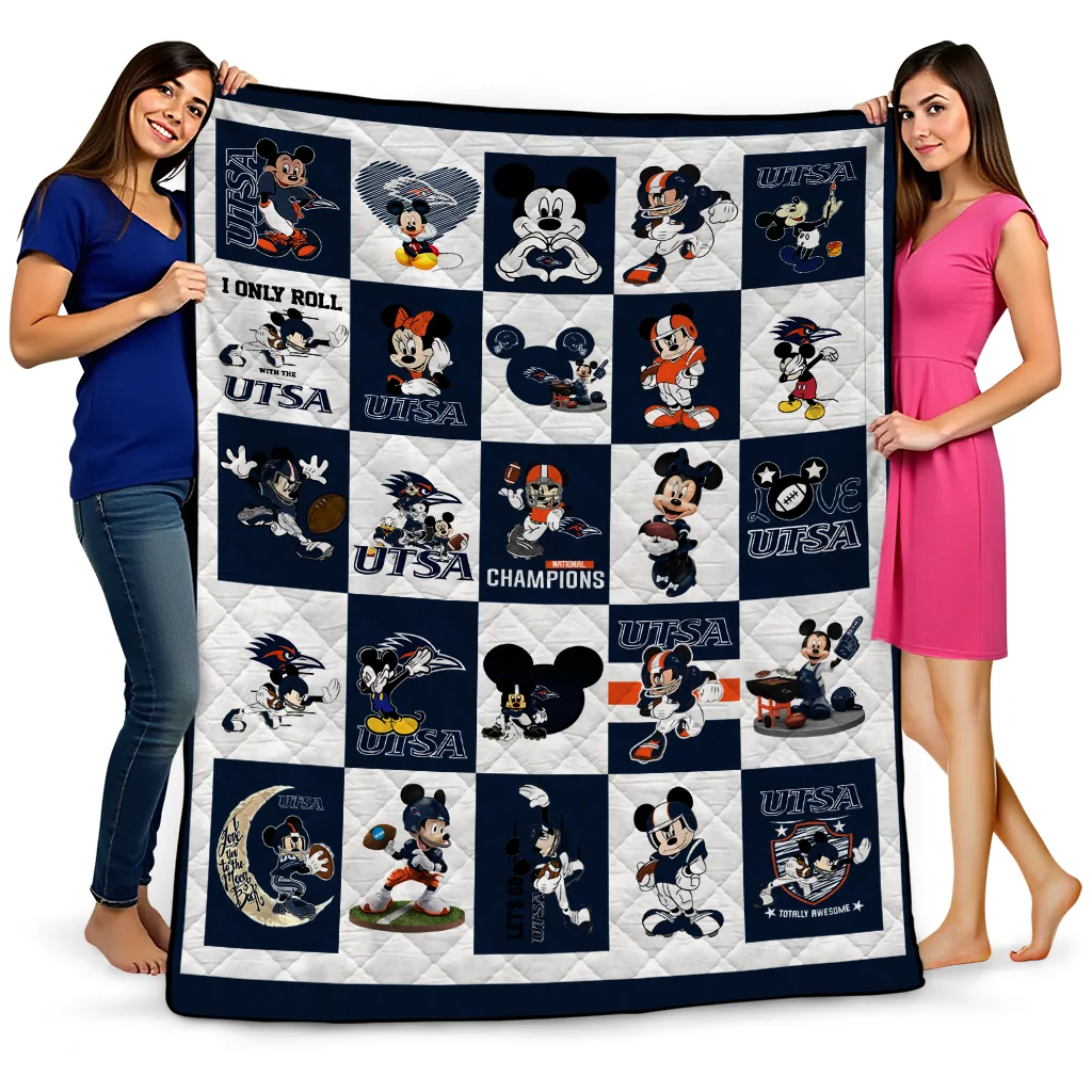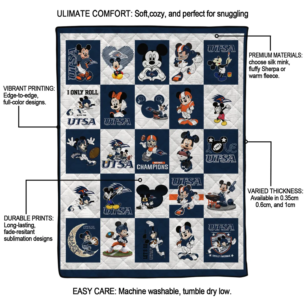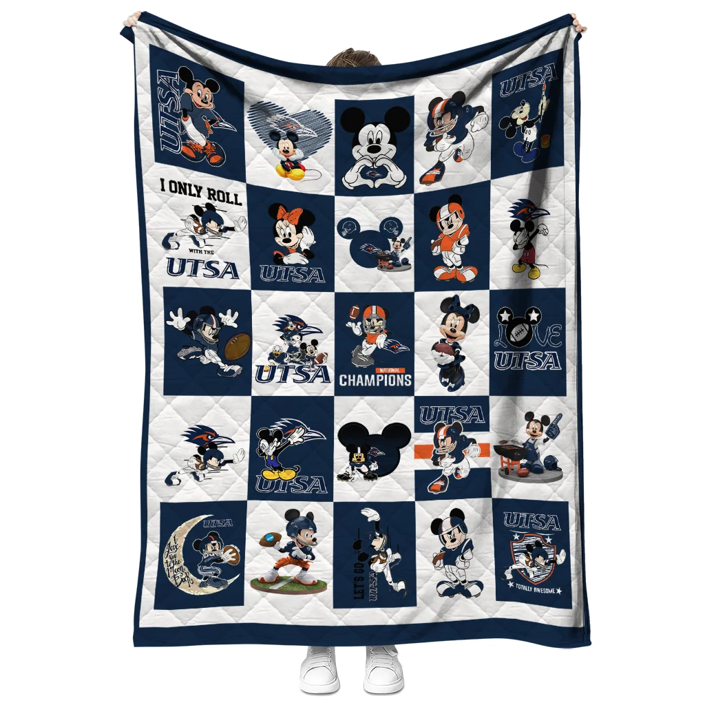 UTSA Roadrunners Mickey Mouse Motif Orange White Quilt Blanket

---+---

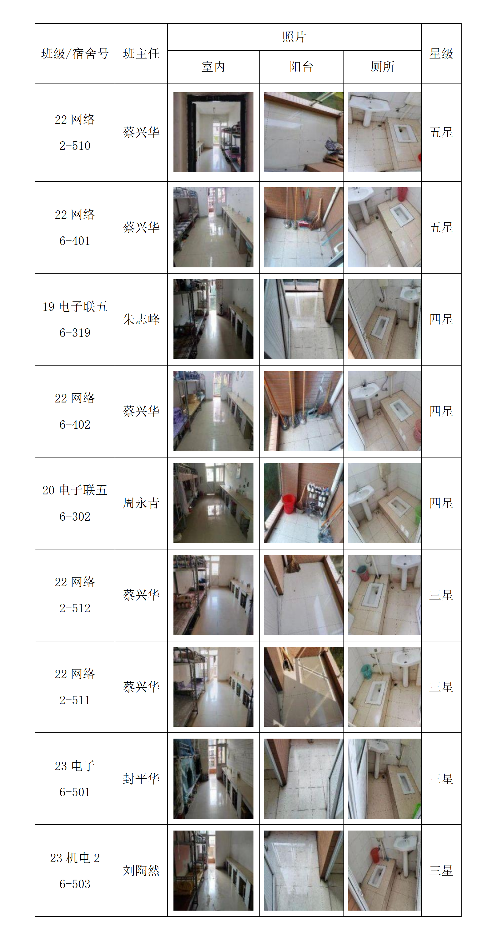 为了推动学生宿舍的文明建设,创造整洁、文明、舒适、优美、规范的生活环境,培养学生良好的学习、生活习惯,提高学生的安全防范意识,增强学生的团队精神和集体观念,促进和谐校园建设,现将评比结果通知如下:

---+---

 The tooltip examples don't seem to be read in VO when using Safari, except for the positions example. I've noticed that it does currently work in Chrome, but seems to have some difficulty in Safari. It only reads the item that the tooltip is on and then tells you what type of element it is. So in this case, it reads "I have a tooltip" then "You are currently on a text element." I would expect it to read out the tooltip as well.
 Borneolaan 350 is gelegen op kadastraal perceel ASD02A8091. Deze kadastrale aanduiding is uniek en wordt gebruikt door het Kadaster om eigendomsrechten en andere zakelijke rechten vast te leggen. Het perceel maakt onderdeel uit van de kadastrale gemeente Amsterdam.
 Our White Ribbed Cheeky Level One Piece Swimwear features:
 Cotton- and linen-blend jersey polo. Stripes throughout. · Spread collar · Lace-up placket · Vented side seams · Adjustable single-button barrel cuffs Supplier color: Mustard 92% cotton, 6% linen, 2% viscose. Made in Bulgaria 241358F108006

---+---

- **Task item**: Set down again, word for word, the stretch of records from the line with "The tooltip examples" to the line with "Borneolaan 350 is", both of those lines included.

- **Exercise answer**:
 The tooltip examples don't seem to be read in VO when using Safari, except for the positions example. I've noticed that it does currently work in Chrome, but seems to have some difficulty in Safari. It only reads the item that the tooltip is on and then tells you what type of element it is. So in this case, it reads "I have a tooltip" then "You are currently on a text element." I would expect it to read out the tooltip as well.
 Borneolaan 350 is gelegen op kadastraal perceel ASD02A8091. Deze kadastrale aanduiding is uniek en wordt gebruikt door het Kadaster om eigendomsrechten en andere zakelijke rechten vast te leggen. Het perceel maakt onderdeel uit van de kadastrale gemeente Amsterdam.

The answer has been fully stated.